When enlisting the services of a probate lawyer to assist with executing a will, the attorney will help with more than simply explaining the will. Sometimes, assets can’t be located, and they will give you the tools you need to find them. They can locate family members who are beneficiaries of the will. An experienced attorney will also work with the executor to settle any claims against the estate.
What Should You Look Out For?
It must be clearly understood when you are appointed by the probate court to be an executor or administrator, you are legally obligated to fulfill the directions of the deceased person, follow the law, and follow the court’s requirements. You stand in a fiduciary relationship with the beneficiaries. This is a high level of duty that requires you to act with integrity primarily for the benefit of the beneficiaries. You must know and determine which of your loved one’s bills must get paid and which bills you absolutely should not pay. The personal feelings and desires of the executor are not the guide to administering the estate.
Courts in Ohio have stated it this way:
Under R.C. 2109.01, an executor of an estate is a “fiduciary.” The fiduciary duties of an executor are primarily to collect the estate assets, pay debts, and make distributions. The executor also owes various duties to the beneficiaries of the estate, including keeping proper accounts, giving timely notice, preserving assets, avoiding the commingling of property, and basic duties of trust and loyalty. The executor serves as a representative of the entire estate and owes a duty to act in a manner that protects the beneficiaries’ interests.

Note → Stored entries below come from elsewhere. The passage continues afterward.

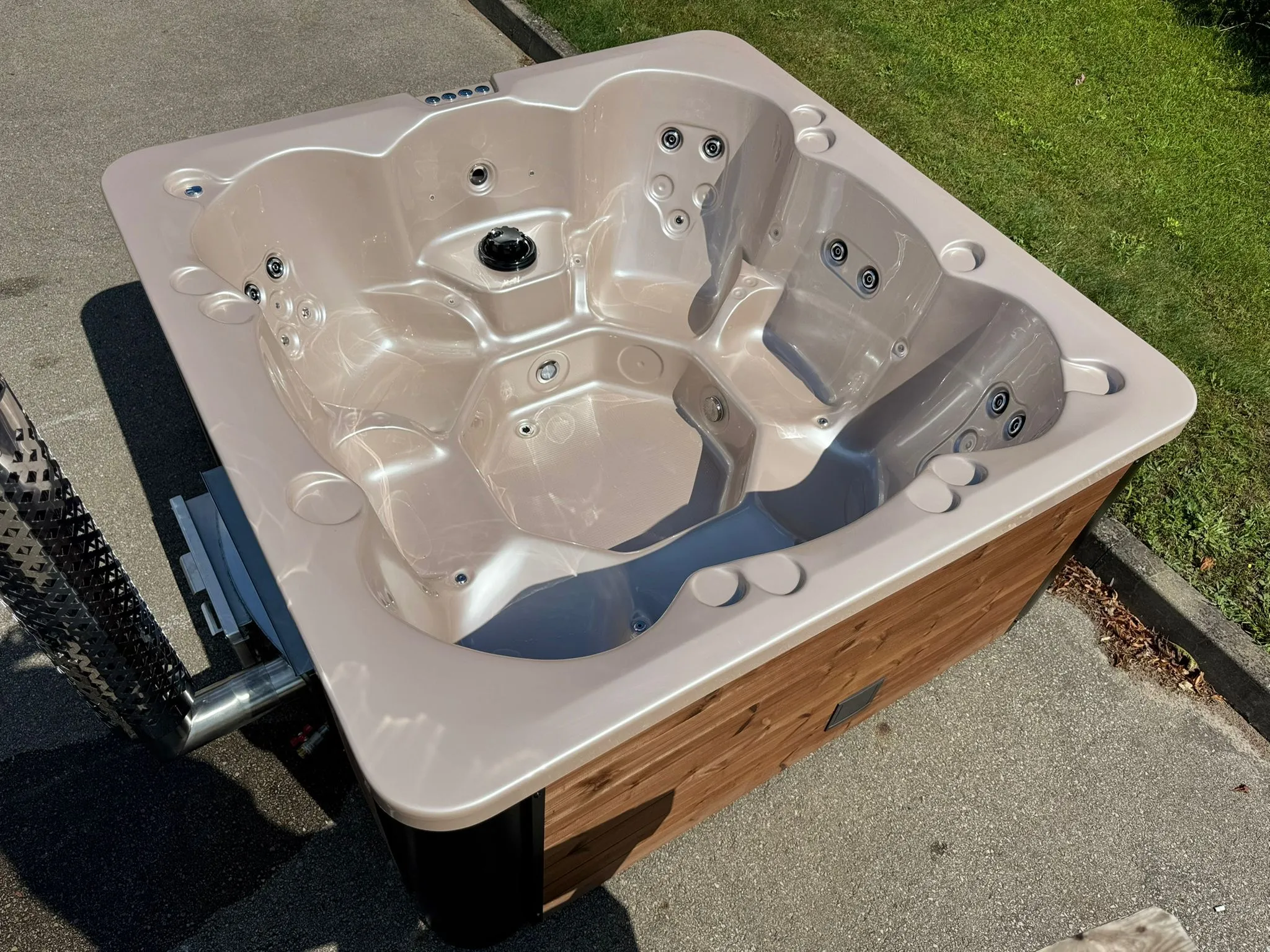 L’acrylique sanitaire est le matériau standard des spas et jacuzzis haut de gamme depuis des décennies — c’est un choix éprouvé, pas une nouveauté. Il résiste aux UV, au brome, au chlore et aux variations de température sans se décolorer ni se dégrader. La surface est lisse et non poreuse : elle ne retient pas le calcaire, ne jaunit pas et se nettoie à l’eau claire avec un produit doux. À éviter : les éponges abrasives et les produits ménagers concentrés, qui peuvent ternir le brillant en surface. Avec un entretien normal, une cuve acrylique tient facilement 15 à 20 ans.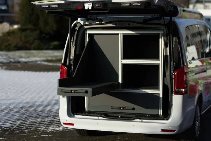 Unser NEF-Ausbau auf Basis der Mercedes-Benz V 250 D "V-KLASSE" EXTRA-LANG (190 PS | 9G-TRONIC | AIRMATIC | Reinweiß) wurde als modernes Einsatzfahrzeug konsequent auf Funktion, Sicherheit und Qualität ausgelegt.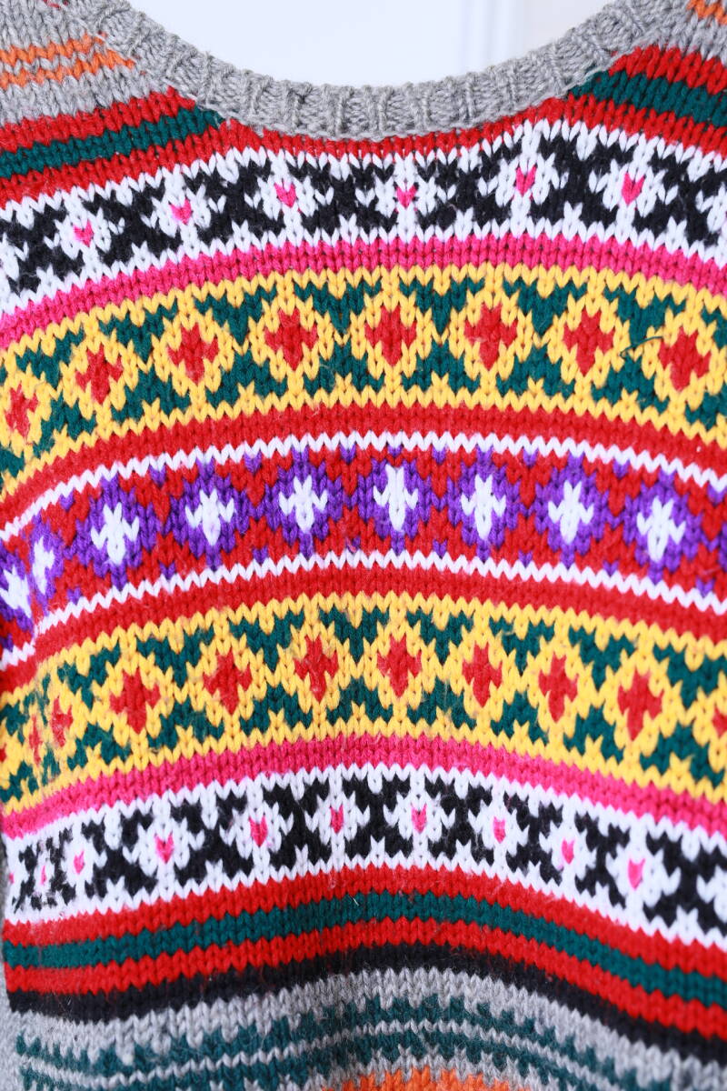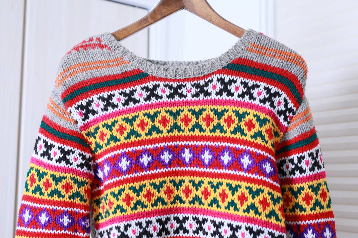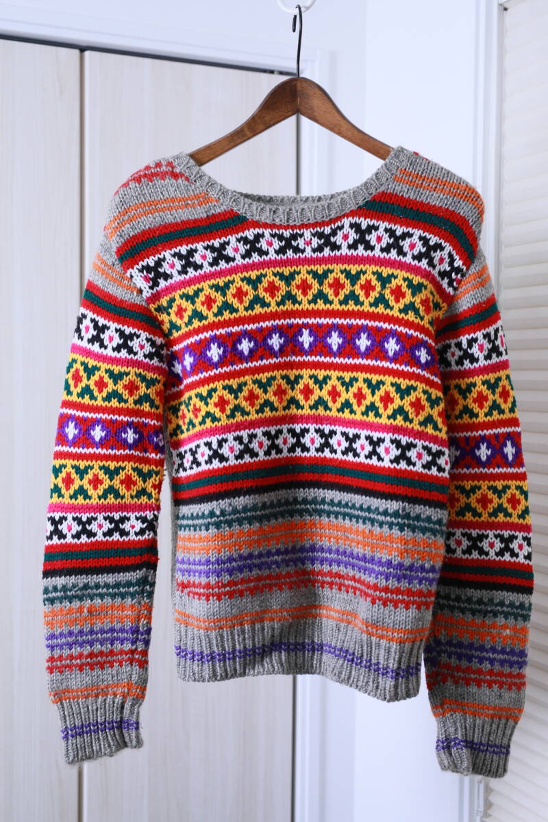 ネパール製H.R.MARKET ハリウッドランチマーケット 民族柄ローゲージニットセーター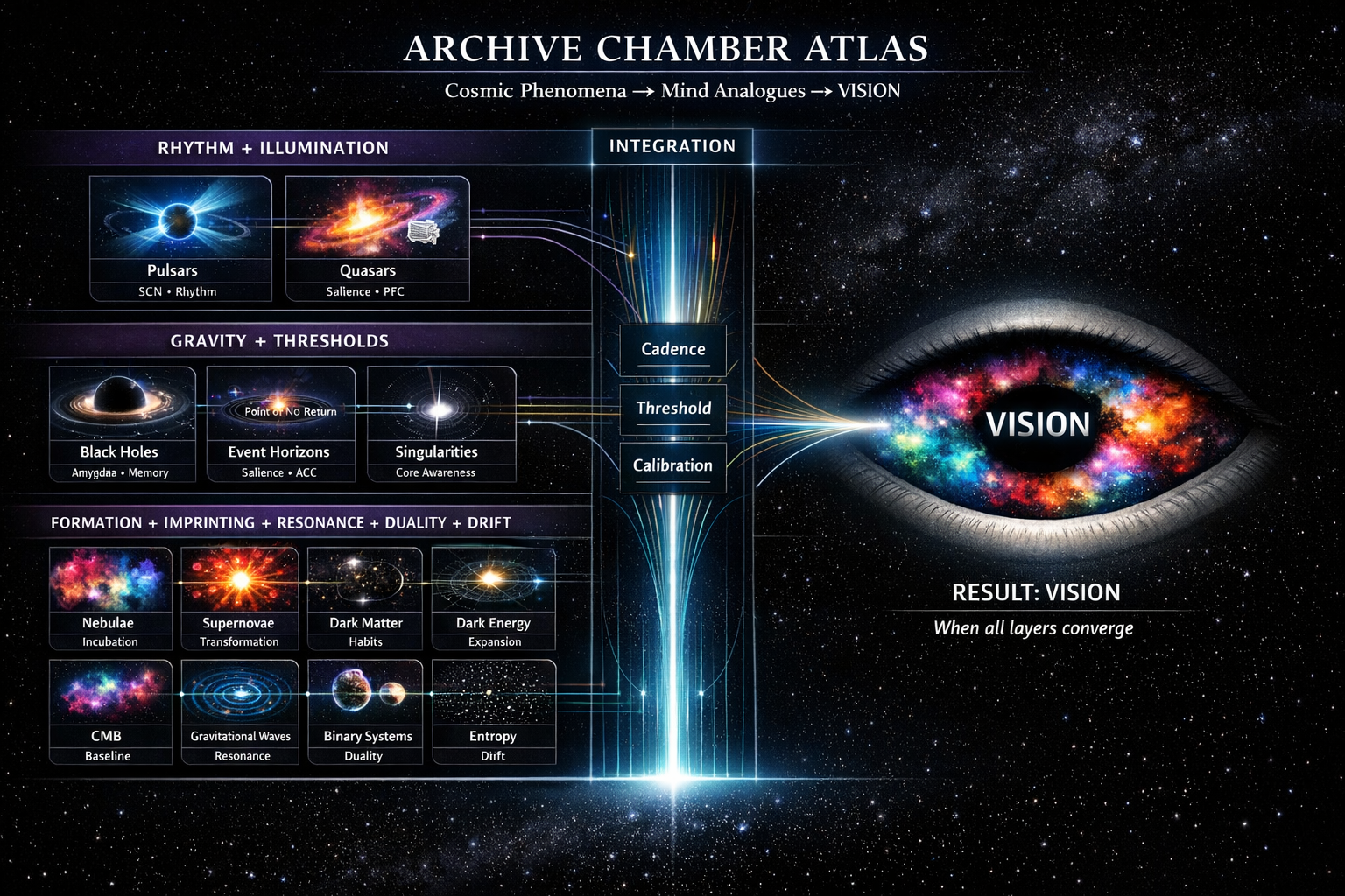 So the Archive Chamber Atlas treats each cosmic phenomenon as a cinematic mirror. On one side, the sky. On the other, the mind. And in the middle, the machinery, brain regions and networks that make the analogy feel real.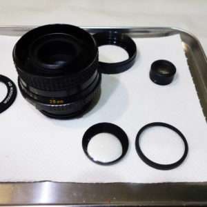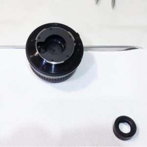 組み立てが終わったらカメラにいきなり取り付けずに絞りやフォーカス(ピント)を動かしてみて、マウント側の自動絞りのレバーなどが正常に動くかを必ず確認します。

Finally, be suspicious of anyone (professional or layperson) who advises you that Probate is not necessary. It is always best to seek the advice of an experienced probate attorney prior to making decisions.
Avoiding Conflict During Probate
Proper estate planning is one of the best ways to avoid conflict during Probate. When you create a will or trust, you are creating a roadmap your family can use to execute your final wishes. Families need time to mourn when they lose a loved one, and thorough estate planning can allow them to concentrate on their love for you rather than the legalities of your will. The last thing you want for your family is for them to end up in a dispute over a misunderstanding in your estate.
Can You Avoid Probate All Together?
Probate court is often spoken about in derogatory terms. People who deal with probate court often do so after the loss of a loved one. Probate is also a very public proceeding, making it difficult to maintain privacy.
Whether the decedent has a will or not, their beneficiaries will likely have to deal with Probate. Having a will makes probate administration a far easier task because the court will do its best to distribute the decedent’s assets according to their final wishes.
If the decedent doesn’t have a will, the court will force the assets to be distributed fairly by following the law of “intestate succession”, favoring children and spouses, and moving to the extended family if the decedent didn’t have any immediate relatives.
One of the few ways you can avoid Probate when planning ahead is to create a trust. Trusts allow you to deposit assets into them and assign someone to manage them. The distribution of the assets in the trust is outlined when the trust is created. A trust will remain private, even during the probate process. This is a great way to alleviate some of the stress on your family in the future.